On to a more detailed look at the cru precip format; not sure whether there
are two extra fields or one, and what the sizes are. A quick hack through
the headers is not pleasing. There appears to be only one field, but it can
have up to nine (9) digits in it, and at least three missing value codes:
This is irritating as it means precip has only 9 fields and I can't do a
generic mapping from any cru format to cru ts.
As a glutton for punishment I then looked at the tmin/tmax db format. Looks
like two extra fields (i6,i7) with mvcs of 999999 and 8888888 respectively.
However *sigh* inspection reveals the following two possibilities:
851300 3775 -2568 17PONTA DELGADA PORTUGAL 18652004 9999998888888
851500 3697 -2517 100SANTA MARIA A ACORES 19542006 -77777 8888888
Isn't that marvellous? These can't even be read with a consistent header format!

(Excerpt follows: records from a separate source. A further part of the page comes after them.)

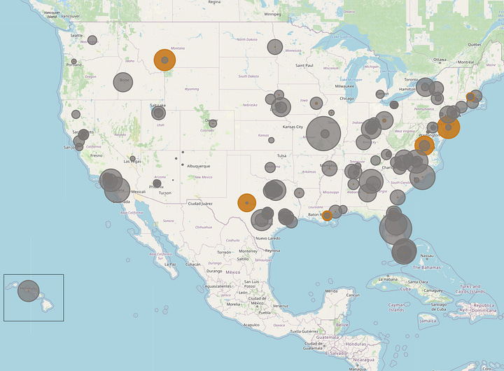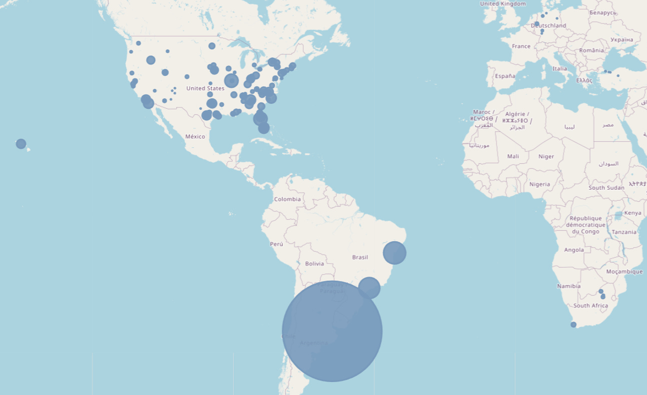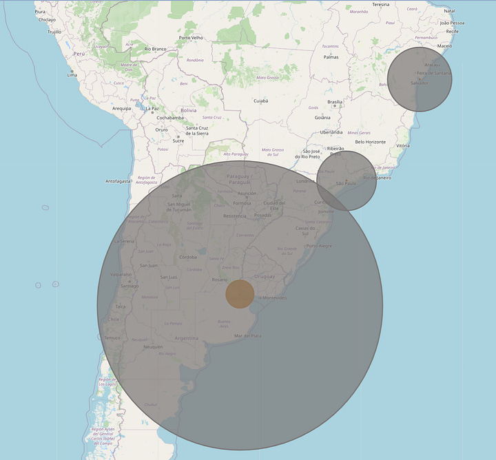 We can make it clearer by looking at another map focused on US & South America (European, Turkish & South African sites have no interest here), with a scale of 2500 meters per exclusion & 250 meters for each subject screened (making the orange circle - the exclusions - bigger than the grey circle - the screened subjects - when the site has excluded 10% or more of its screened subjects).
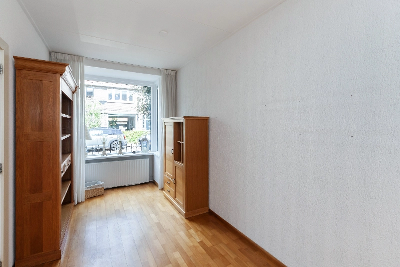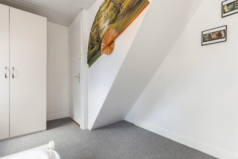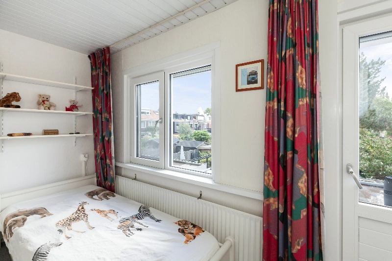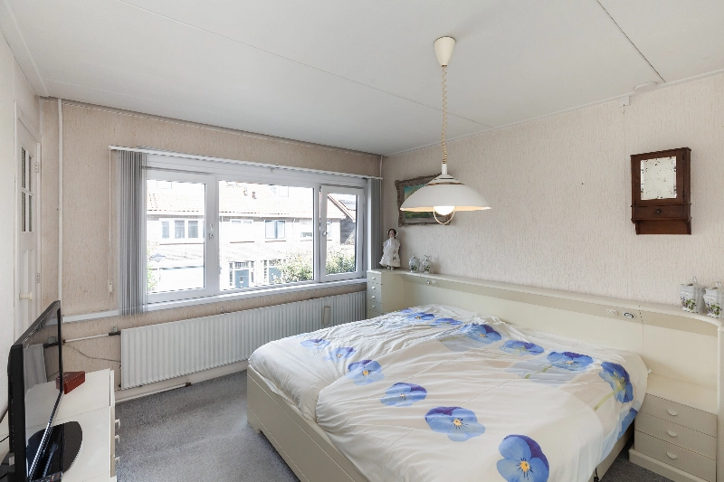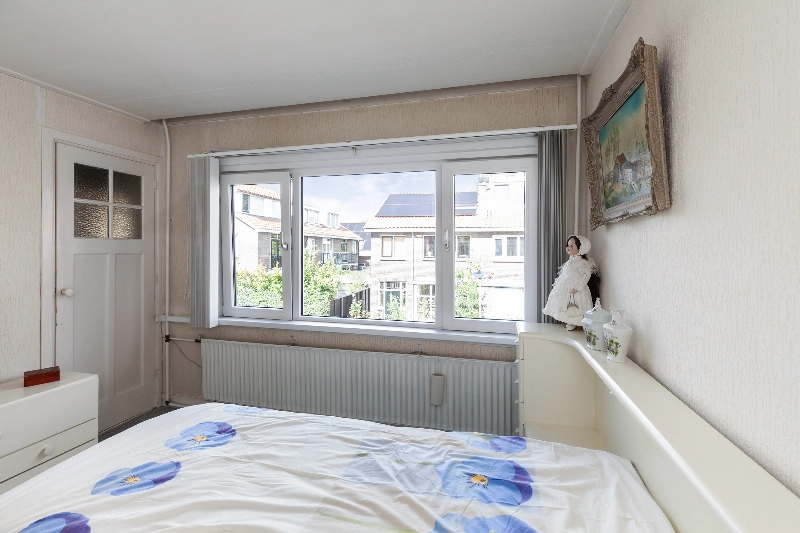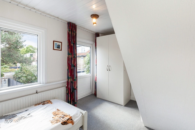 Aan de achterzijde van de woning bevindt zich een twee slaapkamer met eveneens een kunststof kozijn, en voorzien van praktische rolluiken voor extra comfort.
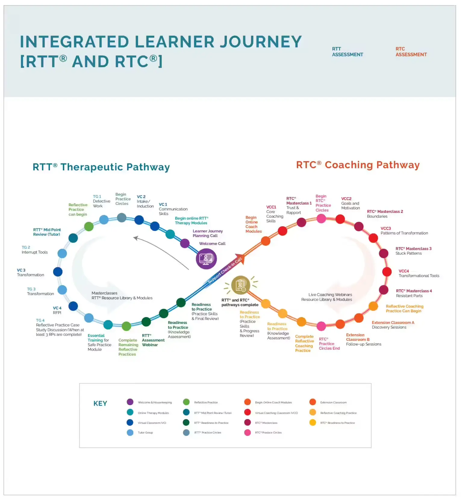 A blended learning course comprising self-paced online study and live virtual training. This is Phase 2 of your RTT® Integrated business partnership, which teaches you advanced coaching skills to help clients reach their goals at the conscious
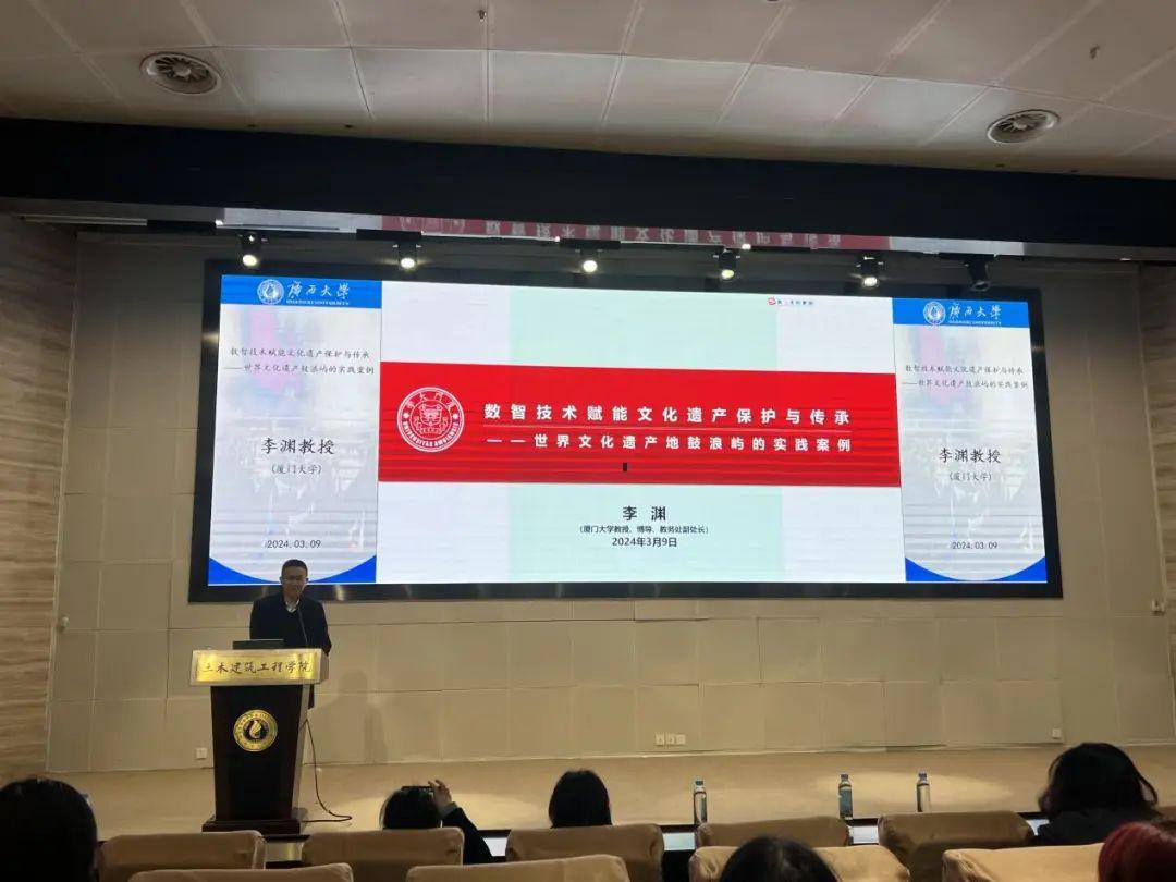 2024年3月9日下午,厦门大学建筑与土木工程学院李渊教授应邀到3044永利集团交流访问,并在新结构实验平台综合楼报告厅为我院师生作了题为《数智技术赋能文化遗产保护与传承——世界文化遗产鼓浪屿的实践案例》的学术报告。报告由建筑规划系主任李欣教授主持,参加报告的还有廖宇航、谢小英、吴杰、周游、梁林达、顾雪萍等教师,以及200多名学生共同聆听了此次报告。

So, the approach will be to read exactly ONE extra field. For cru tmp that
will be the i2+i4 anders/best-start codes as one. For cru pre it will be
the amazing multipurpose, multilength field. For cru tmnx it will be the
first field, which is at least stable at i6.
Conversions/corrections performed:
Temperature
Converted tmp.0611301507.dat to tmp.0612081033.dat
Found one corrupted station name:
BEFORE
911900 209 1564 20 HI*KAHULUI WSO (PUU NENE) 1954 1990 101954 -999.00
AFTER
911900 209 1564 20 KAHULUI ARPT/MAUI HAWAII 1954 1990 101954 -999.00
Precipitation
Converted pre.0611301502.dat to pre.0612081045.dat
Found one corrupted station name:
BEFORE
4125600 2358 5828 15SEEB AP./=MUSCAT*0.9OMAN 18932006 301965
AFTER
4125600 2358 5828 15 SEEB INTL/MUSCAT OMAN 1893 2006 -999 -999.00
(DL later reported that the name wasintended to signify that the data had been
corrected by a factor of 0.9 when data from another station was incorporated
to extend the series - this was Mike Hulme's work)

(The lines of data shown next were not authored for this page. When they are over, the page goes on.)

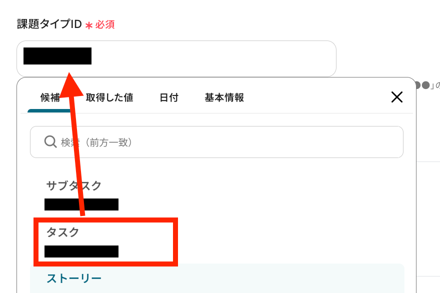 課題タイプIDを候補の中から選択して設定します。
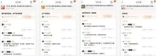 从主流热销的魔芋制品的问答信息分析看,消费者的“吃货”心态超过了所谓“健康”的诉求。而市场上主要在销产品中多数并不好吃,只有在搭配酱料后才能为更多人所接受。
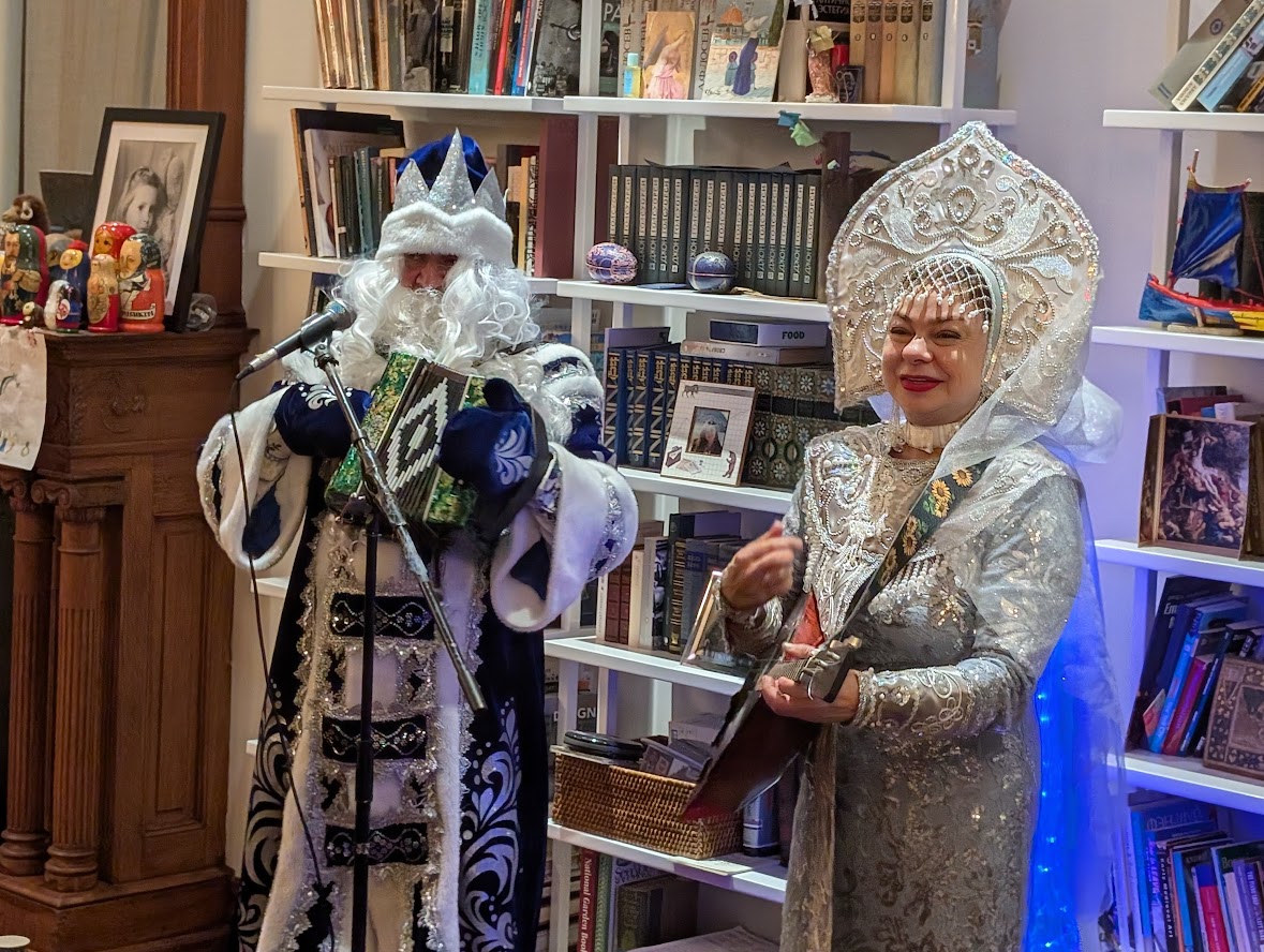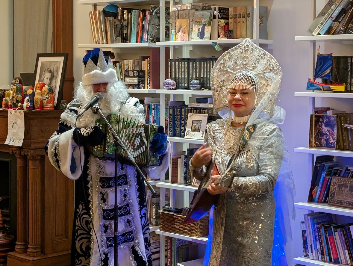 Ded Moroz (garmoshka) and Snegurochka (balalaika) performing popular Russian song "Вдруг как в сказке скрипнула дверь" during Old Russian New Year's Celebration in New York City

Write db2dtb.for, which converts any of the CRU db formats to the CRU TS format.
Started work on mergedb.for, which should merge a primary database with and incoming
database of the same (CRU TS) format. Quite complicated. No operator interventions,
just a log file of failed attempts - but hooks left in for op sections in case this
turns out to be the main programmatic deliverable to BADC!